(Available data)

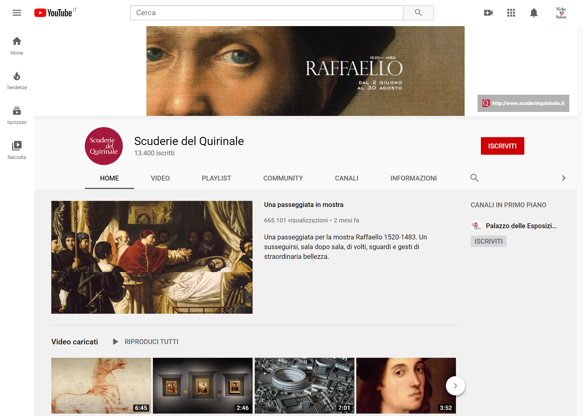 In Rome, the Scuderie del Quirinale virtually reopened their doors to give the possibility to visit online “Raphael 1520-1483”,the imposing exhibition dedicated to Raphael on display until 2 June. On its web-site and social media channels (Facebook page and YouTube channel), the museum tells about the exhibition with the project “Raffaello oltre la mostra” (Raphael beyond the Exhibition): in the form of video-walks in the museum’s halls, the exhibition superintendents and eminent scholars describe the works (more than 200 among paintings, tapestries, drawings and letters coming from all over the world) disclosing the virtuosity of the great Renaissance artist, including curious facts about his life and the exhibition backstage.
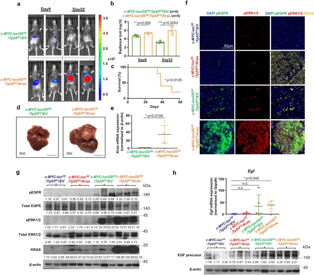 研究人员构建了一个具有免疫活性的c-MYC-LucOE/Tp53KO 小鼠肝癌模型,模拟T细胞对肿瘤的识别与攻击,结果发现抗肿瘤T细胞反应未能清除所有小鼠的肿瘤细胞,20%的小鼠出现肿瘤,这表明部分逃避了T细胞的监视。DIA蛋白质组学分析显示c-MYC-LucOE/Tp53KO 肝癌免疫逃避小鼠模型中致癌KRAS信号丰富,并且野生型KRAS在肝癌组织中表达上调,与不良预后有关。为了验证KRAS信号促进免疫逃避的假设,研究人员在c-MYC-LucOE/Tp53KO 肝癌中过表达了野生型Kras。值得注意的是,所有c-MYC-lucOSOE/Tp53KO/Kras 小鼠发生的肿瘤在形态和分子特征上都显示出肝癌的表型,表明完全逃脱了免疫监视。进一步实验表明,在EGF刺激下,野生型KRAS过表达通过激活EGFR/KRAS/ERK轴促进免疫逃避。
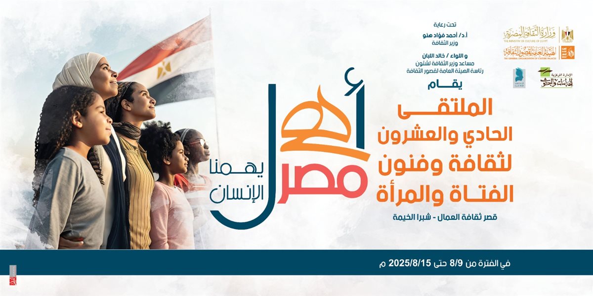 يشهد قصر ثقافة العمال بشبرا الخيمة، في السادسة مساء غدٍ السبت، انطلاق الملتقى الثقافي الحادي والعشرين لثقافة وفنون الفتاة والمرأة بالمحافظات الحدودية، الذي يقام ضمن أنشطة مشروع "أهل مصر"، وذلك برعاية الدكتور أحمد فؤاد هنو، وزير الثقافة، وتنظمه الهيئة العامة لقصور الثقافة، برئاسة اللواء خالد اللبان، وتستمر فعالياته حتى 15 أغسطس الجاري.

(What to do) Copy out the lines above unchanged. Skip the images.

(The answer)
 In Rome, the Scuderie del Quirinale virtually reopened their doors to give the possibility to visit online “Raphael 1520-1483”,the imposing exhibition dedicated to Raphael on display until 2 June. On its web-site and social media channels (Facebook page and YouTube channel), the museum tells about the exhibition with the project “Raffaello oltre la mostra” (Raphael beyond the Exhibition): in the form of video-walks in the museum’s halls, the exhibition superintendents and eminent scholars describe the works (more than 200 among paintings, tapestries, drawings and letters coming from all over the world) disclosing the virtuosity of the great Renaissance artist, including curious facts about his life and the exhibition backstage.
 研究人员构建了一个具有免疫活性的c-MYC-LucOE/Tp53KO 小鼠肝癌模型,模拟T细胞对肿瘤的识别与攻击,结果发现抗肿瘤T细胞反应未能清除所有小鼠的肿瘤细胞,20%的小鼠出现肿瘤,这表明部分逃避了T细胞的监视。DIA蛋白质组学分析显示c-MYC-LucOE/Tp53KO 肝癌免疫逃避小鼠模型中致癌KRAS信号丰富,并且野生型KRAS在肝癌组织中表达上调,与不良预后有关。为了验证KRAS信号促进免疫逃避的假设,研究人员在c-MYC-LucOE/Tp53KO 肝癌中过表达了野生型Kras。值得注意的是,所有c-MYC-lucOSOE/Tp53KO/Kras 小鼠发生的肿瘤在形态和分子特征上都显示出肝癌的表型,表明完全逃脱了免疫监视。进一步实验表明,在EGF刺激下,野生型KRAS过表达通过激活EGFR/KRAS/ERK轴促进免疫逃避。
 يشهد قصر ثقافة العمال بشبرا الخيمة، في السادسة مساء غدٍ السبت، انطلاق الملتقى الثقافي الحادي والعشرين لثقافة وفنون الفتاة والمرأة بالمحافظات الحدودية، الذي يقام ضمن أنشطة مشروع "أهل مصر"، وذلك برعاية الدكتور أحمد فؤاد هنو، وزير الثقافة، وتنظمه الهيئة العامة لقصور الثقافة، برئاسة اللواء خالد اللبان، وتستمر فعالياته حتى 15 أغسطس الجاري.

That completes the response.